In all of the examples from this page you start the "RGui" going, then mark from this page and paste into the "R" window and hit an "enter" ("return").  If you want to edit code do something like:

mystuff<-edit(yourstuff)

to edit an old file and place it in a new name, or save over by using mystuff<-edit(mystuff).  Be sure to save your workspace when you exit "R" if you want to keep what you've done.



Kimura and Chikuni (1987), Bocquet-Appel and Masset (1996), and Hoenig and Heisy (1987)

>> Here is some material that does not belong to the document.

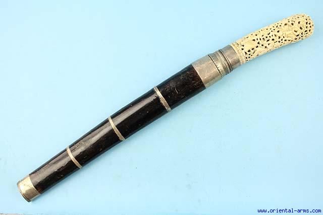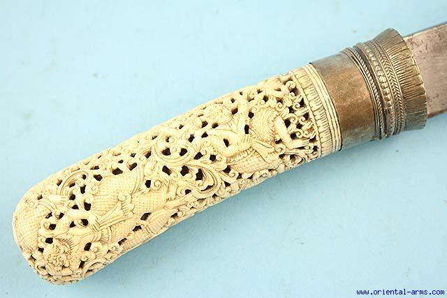 Very Fine Massive Dha Knife with Carved Ivory Grip -

        This section compares the algorithms from Kimura and Chikuni (1987), Bocquet-Appel and Masset (1996), and Hoenig and Heisy (1987).  You will get functional variants of the algorithms, though there are "bells and whistles" that you may well want to add.  To get started, mark and copy the block below, then paste it into the "RGui" window:

nij1<-matrix(c(42,12,8,2,0,0,0,0,0,0,
            1,13,20,56,24,12,2,0,0,0,
            0,0,8,16,29,38,27,15,7,3,
            0,0,0,0,2,5,11,27,13,4),ncol=10,byrow=T)
nj2<-c(143,71,122,214,161,172,118,133,59,21)

         This will give you a "reference" data set (nij1) and "target" data (nj2).  The reference and target come from Hoenig and Heisy (1987:242), so you can compare your answer.

 

        Now mark the following blocks and paste them into "R."  To run just type KF(), KF2(), BAM(), or HH().  If you want to change defaults you can always do something like BAM(niter=1000), which will run 5 times as long.  As far as "bells and whistles" there are a couple of things one might want to do:

  1. Add a convergence check, which would slow things down a bit.
  2. Add calculation of the log-likelihood, which would slow things down a bit.
  3. Add calculation of standard errors.  This can be done using analytical forms for the information matrix, then invert (chol2inv(chol(I))) and take the square root of the diagonal.  See Kimura and Chikuni and Hoenig and Heisey for analytical forms.
  4. Check that the number of age categories is equal to or less than the number of indicator states.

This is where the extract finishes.